Em uma série de tuítes em sua conta oficial, Goldstein deu a entender que Tillerson se viu surpreendido por sua saída do cargo.

Steve Goldstein, um dos principais diplomatas dos Estados Unidos, foi demitido nesta terça-feira (13) depois de fazer comentários sobre a destituição do secretário de Estado Rex Tillerson.

Goldstein, subsecretário de Estado para Assuntos Públicos, disse que Tillerson não falou com o presidente Donald Trump nesta manhã e que desconhecia os motivos de sua destituição.

Em uma série de tuítes em sua conta oficial, Goldstein deu a entender que Tillerson se viu surpreendido por sua destituição.

"O secretário tinha toda a intenção de ficar, devido ao progresso tangível conseguido em questões críticas de segurança nacional.

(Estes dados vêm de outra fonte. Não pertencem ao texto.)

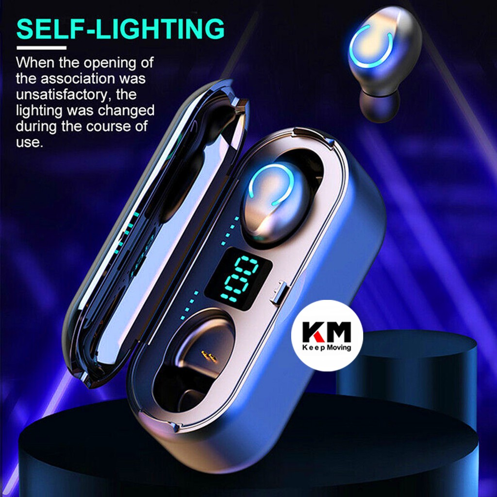 【what do you get?】you will get a portable bluetooth f9 tws earphone with a gift box, and the charging bank headset can charge your mobile phone or ipad or earphone at any time, making your.

Estabeleceu e desfrutou as relações com suas contrapartes", acrescentou Goldstein.

"Desejamos o melhor para o secretário designado Pompeo", completou.

Procurado pela agência de notícias France Presse para comentar sua própria demissão, disse: "Espero descansar um pouco".

Demissão

A demissão de Tillerson foi anunciada nesta terça por Trump, em sua conta no Twitter.

"Mike Pompeo, diretor da CIA, vai se tornar nosso novo Secretário de Estado. Ele fará um trabalho fantástico! Obrigado, Rex Tillerson, por seu serviço! Gina Haspel vai se tornar a nova diretora da CIA, e a primeira mulher escolhida para o cargo. Parabéns a todos!"

O cargo de diretor da CIA, que até agora pertencia a Pompeo, ficará com Gina Haspel, primeira mulher a assumir o posto.

Inicialmente, o presidente não deu explicação para a mudança, mas, depois, falando na Casa Branca antes de viajar para a Califórnia, Trump garantiu que tomou a decisão sozinho e admitiu desacordos com Tillerson, principalmente sobre a postura dos EUA diante do Irã.

Divergências

Trump e Tillerson, que não tinha nenhuma experiência diplomática ou política antes de se tornar secretário de Estado, discordaram diversas vezes sobre a política externa dos EUA, inclusive sobre a Coreia do Norte e a Rússia.

Publicamente, Trump criticou várias iniciativas diplomáticas de Tillerson, incluindo na última segunda (12), quando os comentários do ex-secretário sobre o envenenamento de um ex-espião russo na Inglaterra pareciam em desacordo com os da Casa Branca - que foi mais ponderada e evitou fazer menções diretas à Rússia.

Falando sobre o assunto, o presidente afirmou que planeja falar com a premiê britânica, Theresa May, ainda nesta terça sobre o tema. "Parece-me que foi a Rússia, baseado em todas as evidências que eles [britânicos] têm", disse Trump. "Assim que tivermos os fatos claros, se concordarmos com eles, vamos condenar a Rússia ou quem quer que seja".

Trump também falou a respeito do acordo nuclear entre EUA e Irã, firmado em 2015. "O acordo com o Irã achei que era terrível, ele achou que estava bem. Eu queria rompê-lo, ou fazer algo, ele sentia um pouco diferente. Então, realmente, não estávamos pensando do mesmo jeito", completou.

Tillerson também pareceu não estar a par, na semana passada, quando Trump anunciou que iria se encontrar com o líder norte-coreano e se tornar o primeiro presidente dos Estados Unidos em exercício a fazê-lo.